Per lungo tempo all’arroganza e a provocazioni di governo e padroni ha corrisposto una rabbia, spesso muta, di milioni di lavoratori e giovani. Rimaneva muta perché nessuna organizzazione né sindacale né politica, è stata disposta a darle una voce. La principale responsabilità è dei vertici della principale organizzazione sindacale italiana, la Cgil, che sostanzialmente ha lasciato carta bianca a governo e padroni.
Bene ha fatto la Cgil a esprimersi (finalmente!) per il No, ma questa posizione non può rimanere testimoniale. Davanti a una potenza di fuoco come quella del Sì, Camusso dovrebbe sviluppare una campagna nei luoghi di lavoro per il no, collegandola alla lotta per l’occupazione, i salari, le pensioni, l’istruzione. Il movimento operaio non può lasciare la direzione della campagna referendaria a Beppe Grillo o a un Travaglio di turno.
Il referendum del 4 dicembre potrebbe rappresentare quel canale attraverso il quale milioni di giovani e lavoratori possono esprimersi e gridare il loro no a governo e padroni. Nelle parole di Marx a volte “la necessità si impone attraverso il caso”. Un avvenimento casuale come il referendum può assumere tutt’altra valenza rispetto a quella originaria.
Ecco perché lorsignori hanno paura del referendum e comprendono l’azzardo della scommessa di Renzi e la posta in gioco. Il nostro No parte dalla condivisione dell’analisi della classe dominante. Le conclusioni sono invece opposte. La vittoria del No potrebbe condurre a una crisi del governo e dare un nuovo slancio alla mobilitazione e alla lotta di classe, infondendo una rinnovata fiducia ai lavoratori nella propria forza.
Lavoreremo quotidianamente a favorire questo esito. Il nostro No non si limita alla difesa dei diritti democratici. Dove vari intellettuali, costituzionalisti e leader di una sinistra in disarmo terminano il loro discorso, noi lo cominciamo. Non ci interessa tornare a un ipotetico paese “normale” dove si sistema tutto con un ritorno a una “condivisione di valori comuni fra le parti sociali”, come recita la campagna ufficiale del No.

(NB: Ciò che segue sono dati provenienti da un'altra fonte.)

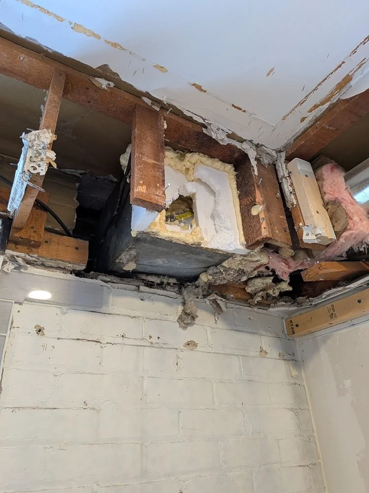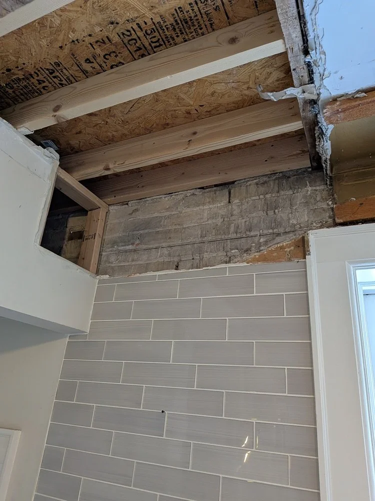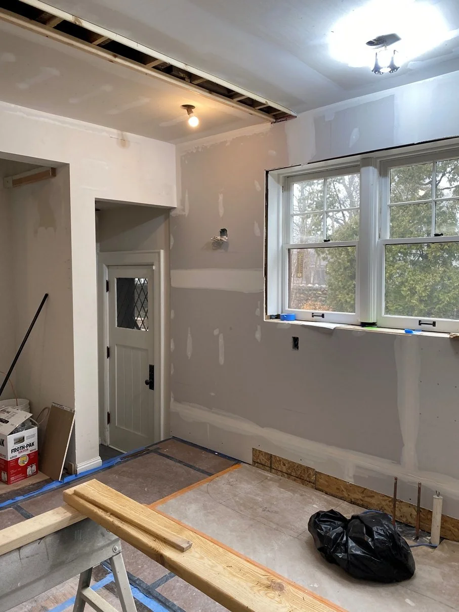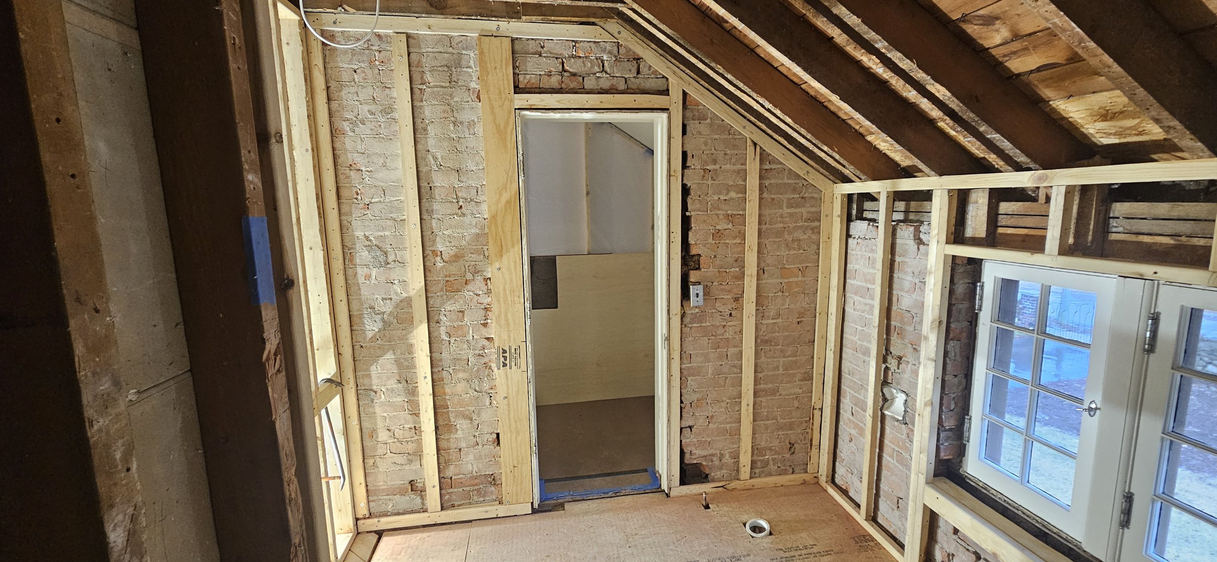 Working with three-course brick always requires extra attention to the hidden infrastructure. Our team repaired the original masonry where the old range exhaust exited the house, and we are currently furring out the brick walls to create space for modern electrical and proper insulation. We’ve also reinforced and framed the area under the windows to allow for new electrical placement, ensuring everything is perfectly prepped for the upcoming precision of the custom cabinetry.
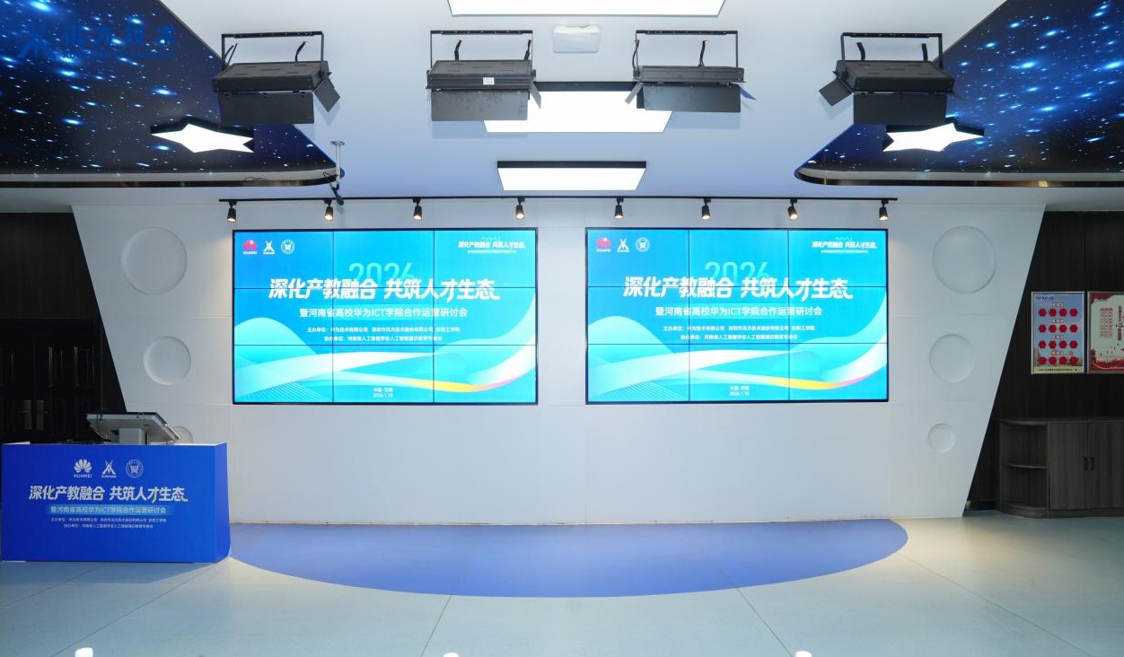 2026年1月10日,“深化产教融合,共筑人才生态暨河南省高校华为ICT学院合作运营研讨会”在河南安阳成功举办。会上,我校“领先级华为ICT学院”正式揭牌,标志着学校与华为技术有限公司、深圳市讯方技术股份有限公司的三方合作进入新阶段。各方将在一期建设成果基础上,重点围绕人工智能与数字孪生技术深化产教融合,共同推动高质量人才培养迈向新台阶。我校党委副书记杨松林、华为河南代表处产业发展与生态部副总经理王振杰共同为学院揭牌。
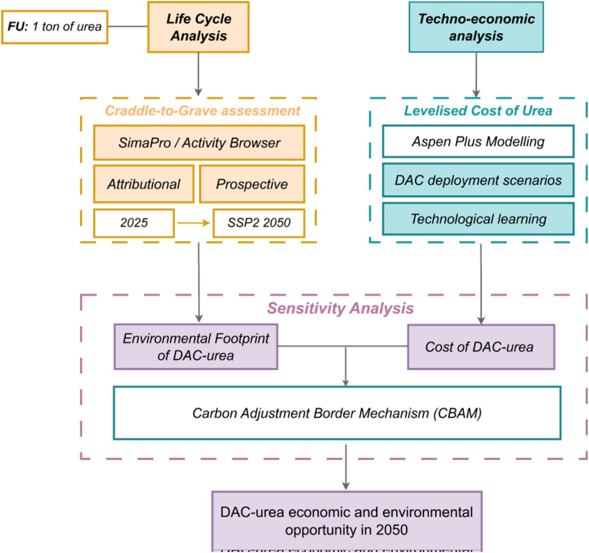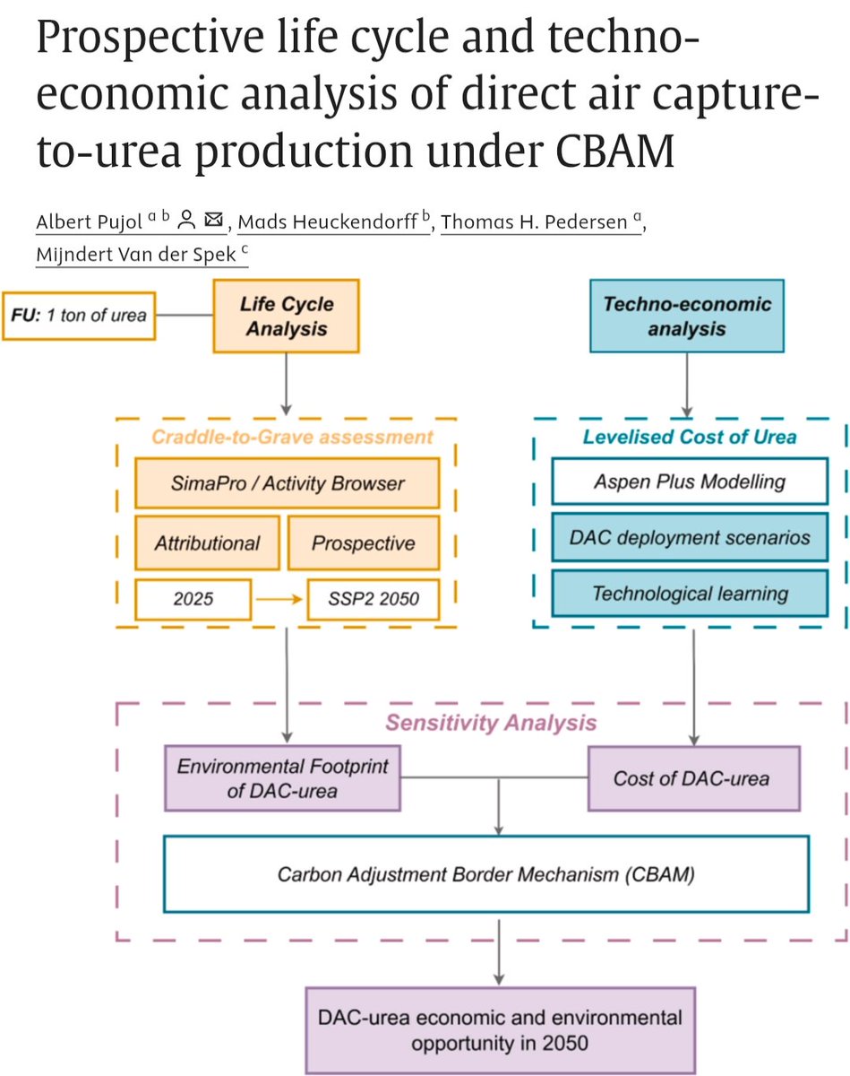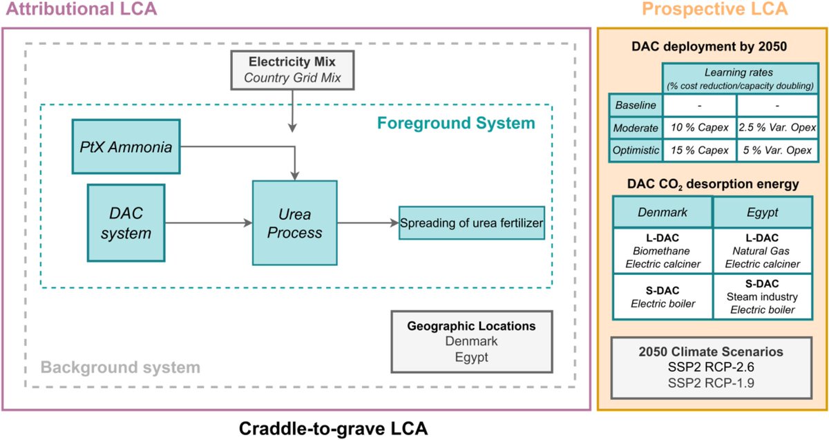 3/Study presents a framework combining process modelling, prospective LCA & TEA to compare DAC-urea with conventional fossil-based urea today & under 2050 climate scenarios, including a cross-country assessment of Denmark’s clean electricity system & Egypt’s more C-intensive grid
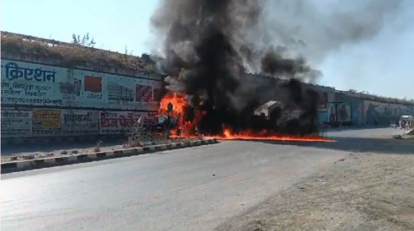 यह हादसा रविवार को नीमच-चित्तौड़गढ़ हाईवे पर हुआ, जब फर्श पत्थर से लदे ट्रेलर में अचानक आग भड़क उठी। देखते ही देखते आग ने विकराल रूप ले लिया, और ड्राइवर उसकी चपेट में आ गया। आग इतनी भीषण थी कि दो किलोमीटर दूर से लपटें नजर आ रही थीं।

Noi la normalità del sistema capitalista la vogliamo rovesciare. Dopo anni in cui l’Italia è stata relegata a fanalino di coda delle mobilitazioni si può aprire una nuova stagione di lotta di classe. A condizione che a partire dal No il 4 dicembre, i lavoratori e i giovani prendano in mano il proprio destino e si pongano sul terreno della costruzione di un’alternativa rivoluzionaria, in Italia, in Europa e nel mondo.